Der Schulhof bietet nicht nur Gelegenheit für allerhand Schabernack, sei es seine Mitschüler zu ärgern oder sich lediglich gut zu unterhalten, sondern auch die Möglichkeit sportlich aktiv zu werden. So gibt es nicht nur das Gummihüpfen als beliebten Mädchen-Zeitvertreib, auch die mit Kreide auf den Boden gepinselten Hüpfkästchen sind eine beliebte Gelegenheit, um gemeinsam die große Pause rum zu kriegen. "EA Playground" für die Wii richtet sich genau an jene Schüler und Spielplatzgänger, die auf ihrem Schulhof gerne mal ein wenig rasanter zur Sache gehen würden, dies aber angesichts der strengen Pausenaufsicht besser lassen. Somit bleibt nur noch der virtuelle Gang, in unserem Fall der Besuch des "EA Playground"-Pausenhofes. Was der Titel bietet und ob er sein Geld wert ist, erfahrt Ihr im folgenden Review.

Menus und die Story....

Sollte ein Freund fragen, ob Ihr wisst, was "EA Playground" eigentlich darstellt, solltet Ihr ihm sagen, es handle sich dabei um eine Minispielsammlung aus sieben verschiedenen, unterhaltsamen Titeln, die in zahlreichen Varianten auf die Spieldisk gebannt wurden.
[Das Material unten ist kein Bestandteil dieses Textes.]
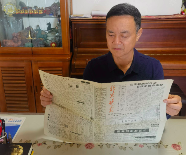 1993年10月23日的《北京晚报》刊载了《国际列车剿匪记》节选,文末署名的通讯员便是时任北京铁路公安局宣传处副处长的艾安军。如今,艾安军还保留着当年的《北京晚报》,几张略显发黄的旧报纸被他小心翼翼地折起、收好,“这些都是轰动一时的历史印记。”
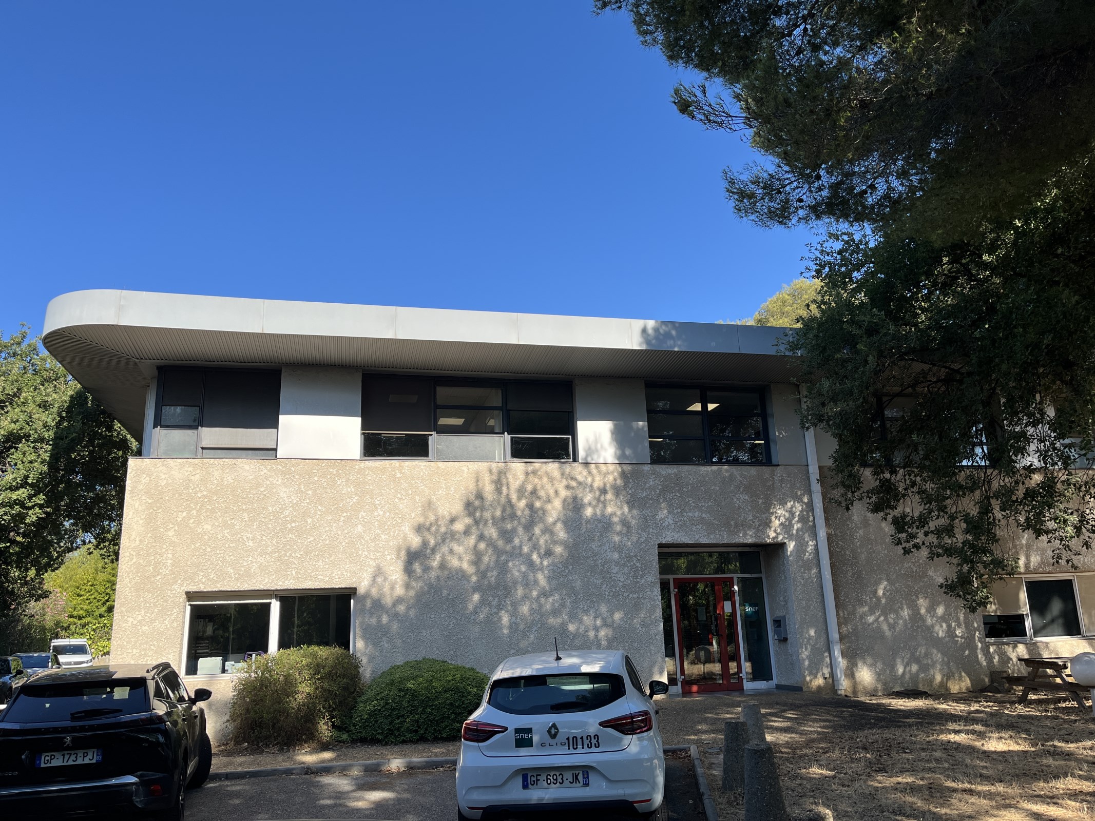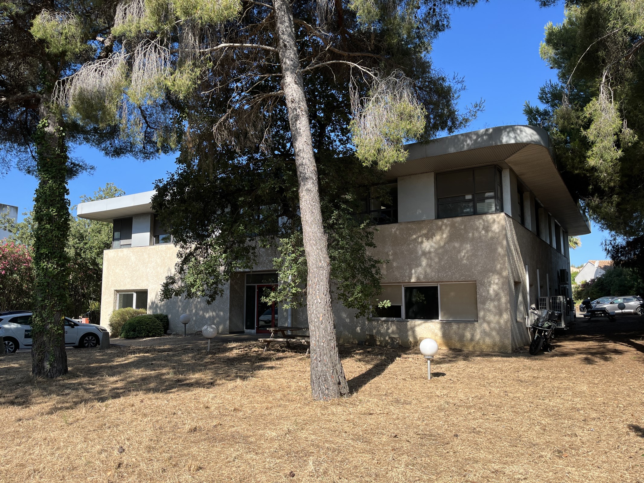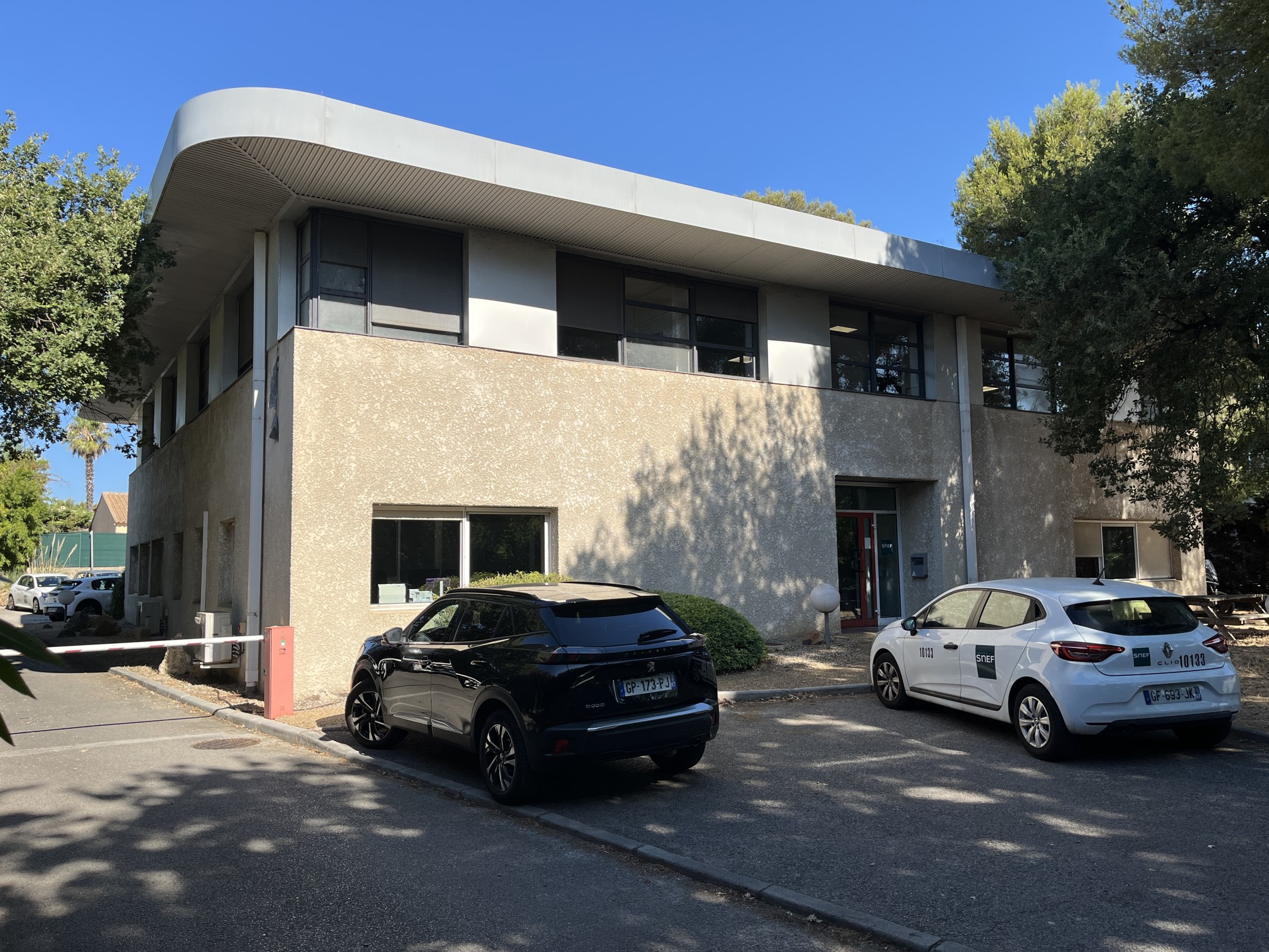 Bureaux à louer à La Seyne-sur-Mer, 800 m² non divisibles dans un bâtiment indépendant sur terrain clos avec parking. Locaux cloisonnés, climatisés, faux-plafond, sol souple, sanitaires privatifs, parc arboré, portail. Disponibilité : 1er janvier 2026.

Mehr ist es im Grunde nicht, dennoch ist der Titel dank des stetig ansteigenden Schwierigkeitsgrades und zusätzlichen Unterhaltungsspielchen eine zielgruppenorientierte, nette Angelegenheit. Mehr aber auch nicht! Denn auf Tiefgang, ausgereiftes Gameplay und eine ausgeklügelte Story werdet Ihr nämlich nicht treffen. Dafür auf ein anfängertaugliches Spielprinzip mit guter Eindeutschung und einem Sammelsurium verschiedenster Aufkleber - typisch Schulhof eben!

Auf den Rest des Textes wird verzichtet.